30/05/2012 – “The face of poverty in Canada is a child’s face,” said UNICEF Canada’s Executive Director ,David Morley. Canada ranks near to the bottom among a list of peers when it comes to child poverty, according to a new report on by UNICEF.
In Canada, the face of poverty is that of a child, says one children’s advocate.
According to a new report by the United Nations Children’s Fund (UNICEF), 30 million children living in 35 developed countries live below the poverty line. About 13 million children in Europe lack the necessities of life crucial to their development.

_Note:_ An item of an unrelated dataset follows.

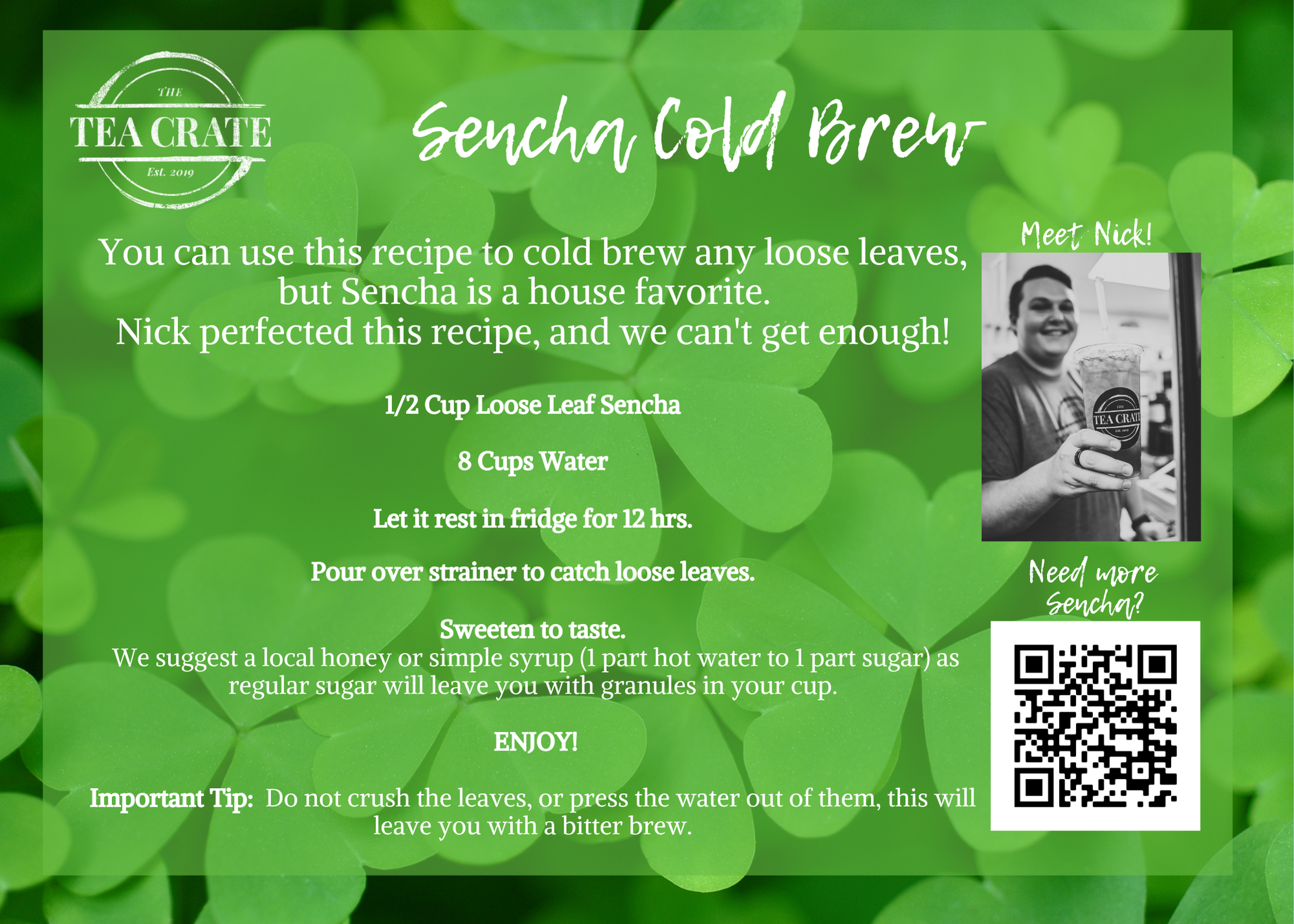 Sencha Cold Brew Apr 8 Written By Shaelyn Ellyson We all know that cold brew is all the rage in the coffee world, but you best not count tea out when it comes to a fabulous cold brew!Nick shares his super easy recipe here! Wanna try it? Grab Some Sencha Here! Green TeaSenchaCold BrewIced TeaRecipesTea RecipesThe Tea CrateMy Tea CrateTeaCrateGreen Shaelyn Ellyson

The Vancouver Sun, citing data from Statistics Canada, states that immigrant and aboriginal children—the parents of whom tend to have more children than the national average—are more likely to live in poverty, Immigrant families also subsist on lower incomes.UNICEF’s Report Card10 shows that some countries are performing better than their peers, despite similarities in economic development and per capita earnings. Their policies are better directed to protecting and supporting the most vulnerable and marginalized children in their societies.
Countries were evaluated based on a Child Deprivation Index (CDI) as well as the rate of relative poverty. A child is classified as “deprived” if he or she lacks two or more items on a list of 14 basic needs for living conditions. Such items include three meals a day, homework time and access to Internet, among other thinfs. Relative poverty measures the percentage of children who live below their country’s national poverty line (50 per cent of the median disposable household incomes).
When it comes to the CDI, the highest rates of deprivation are found in such Eastern European countries as Romania and Bulgaria, with Portugal coming in third. Nordic countries perform the best, with only 3 per cent of children being deprived as compared to 70 per cent in Romania and 27 per cent in Portugal.
Nordic countries and the Netherlands also perform the best on measures of relative poverty at about seven per cent. Meanwhile, more than a fifth of children live below the poverty line in Romania and the US.
Canadian children have sadly not escaped the worrying consequences of poverty and deprivation, though they fare better than their American counterparts. Despite the country’s status as a well-developed country—privy to such clubs as the G8 and G20—Canada checks in at 24th out of 35 on UNICEF’s ranking.
“The face of poverty in Canada is a child’s face,” said UNICEF Canada’s Executive Director, David Morley, in a press release. “It is clearly time for Canada to make children a priority when planning budgets and spending our nation’s resources, even in tough economic times.”
Before taxes and transfers, says UNICEF Canada, the national child poverty rate is 25 per cent, a rate only six countries exceeded. After taxes and transfers, this rate ralls: about 13 per cent of Canadian children live in poverty, just above the average of 11 per cent among developed countries. At the same time, spending on families totals just 1.4 per cent of our gross domestic product, as compared to 2.2 per cent averaged among our peers.
The Report Card 10 suggests that Canada’s taxes and transfers are “moderately effective.”
Some suggestions put forward as to how Canada can move forward include articulating a national poverty reduction strategy, improving child benefits and tax credits as spending is not as high as it could be, and state a clear, operational definition of poverty.
“The best performers show it is possible to address poverty within the current fiscal space. On the flip side, failure to protect children from today’s economic crisis is one of the most costly mistakes a society can make,” said UNICEF’s Gordon Alexander, who heads up the agency’s Office of Research.